As we add regulations to the public companies with SarbOx, maybe CEO pay in future,,,we're going to stretch the difference between private and public companies.  Actually it appears that a consensus is developing that SarbOx went too far.  The villians at Enron are in jail, none of them prosecuted under SarbOx, but instead under existing regulations at the time of the crimes.  In many ways SarbOx has become the accountant's full employment act--auditor fees in a public company I'm familiar with have tripled.  we just need to make sure that new regulations make sense, and we don't have the age old problem of unintended consequences--like a significant % of public companies going private, where the small investor won't be able to invest.

I believe these issues are being studied now, and recommendations will surface.  I'm not sure that it is a really big problem yet, because public companies have the tremendous advantage of being able to raise funds much more quickly, and from a much larger investor pool than private companies.  That is an advantage that is not easily offset.

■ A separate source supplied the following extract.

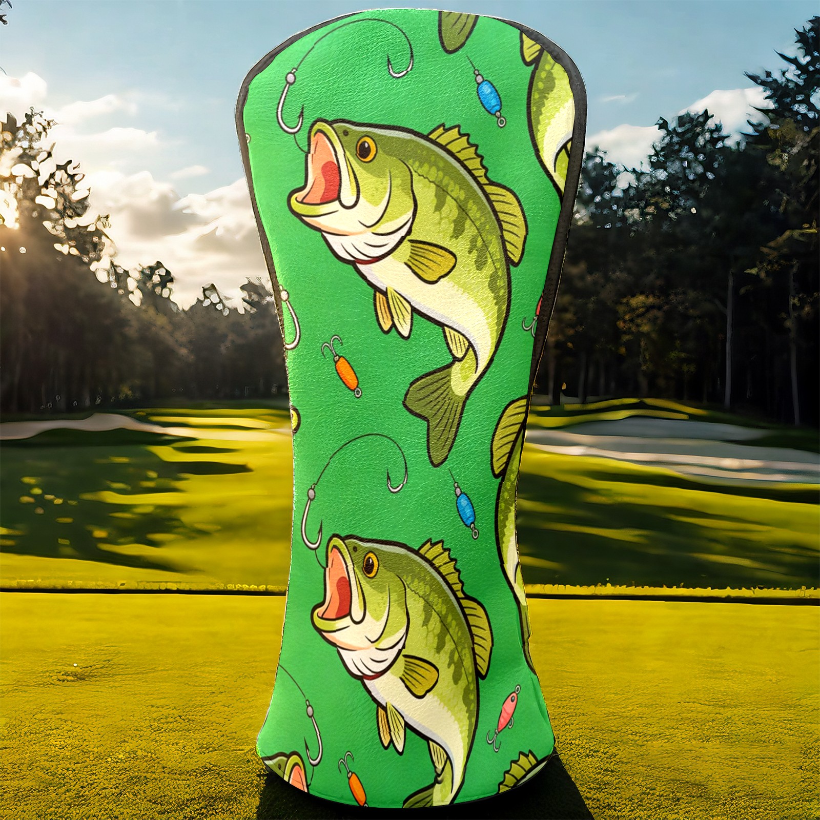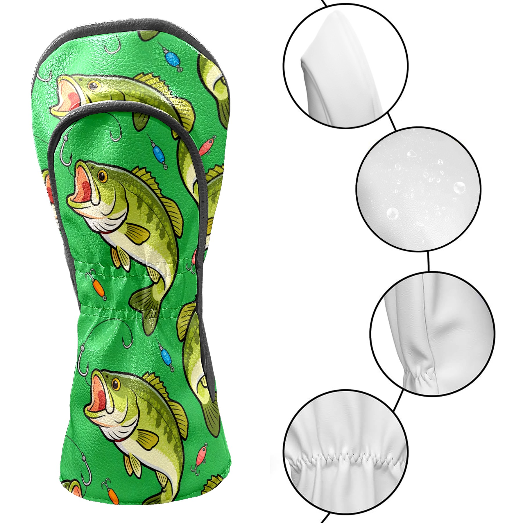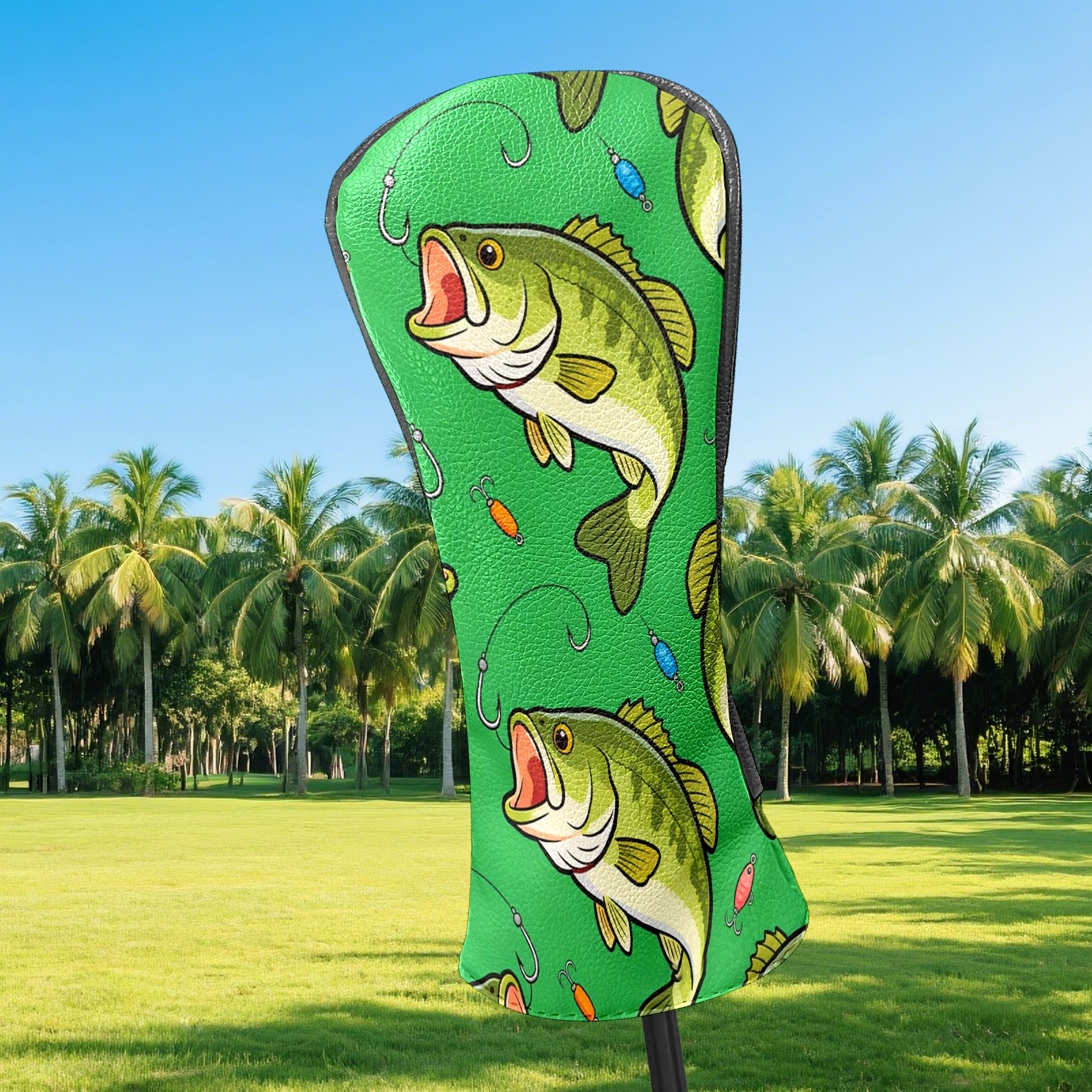 Golf Driver Head Cover Leather Driver Fairway Headcover, Premium Golf Club Covers with Plush Lining Girls Womens Mens Head Cover for Golf Clubs (Green Bass Fishes)

by wchurchill on Sat Mar 17th, 2007 at 07:06:18 PM EST
[ Parent ]
Another interpretation is that it's not SarbOx stuff but just increased wealth inequality that makes a bigger share of the available funds in the hands of fewer people.

Bank lending and IPO are to bring the "lots of small inverstors" in (sum of small deposits or small share purchases), may be these are no longer needed now...

No data to choose which story has the biggest factor :).

Another point is that accountants have been made legally responsible by recent cases, asking for more money is a way to ask for more independance (because you can refuse more direct orders/clients), it might not be fully a result of SarbOx creating more work but just logic on existing regulation and recent legal outcomes.

As always, one narrative is not enough :).

by Laurent GUERBY on Sun Mar 18th, 2007 at 04:45:08 AM EST
[ Parent ]
As you know, there has been quite a bit of angst in the US that the hedge fund and private equity business is moving to London where it is much more lightly regulated than in the US. The point is that kind of money will always be based in the least regulated environment.

In the long run, we're all dead. John Maynard Keynes
by Jerome a Paris (etg@eurotrib.com) on Sun Mar 18th, 2007 at 05:03:32 AM EST
[ Parent ]
Actually I've not heard this rationale for the private equity relocations out of the US, to London specifically.  I've heard a similar discussion, but in a very different context.  That concept is more of the following:

Private equity firms in the buyout segment are taking more of a global view.  They are looking at buying out firms headquartered overseas.  And by necessity, this will move their business outside the US to some extent.  London of course would be an ideal location.  As an example of this, I invested in a buyout fund recently where they gave you options as to how you wanted your personal investment distributed between US and International--you could choose nothing outside the US, 10%, or 20% outside.  (should be interesting for them to administer).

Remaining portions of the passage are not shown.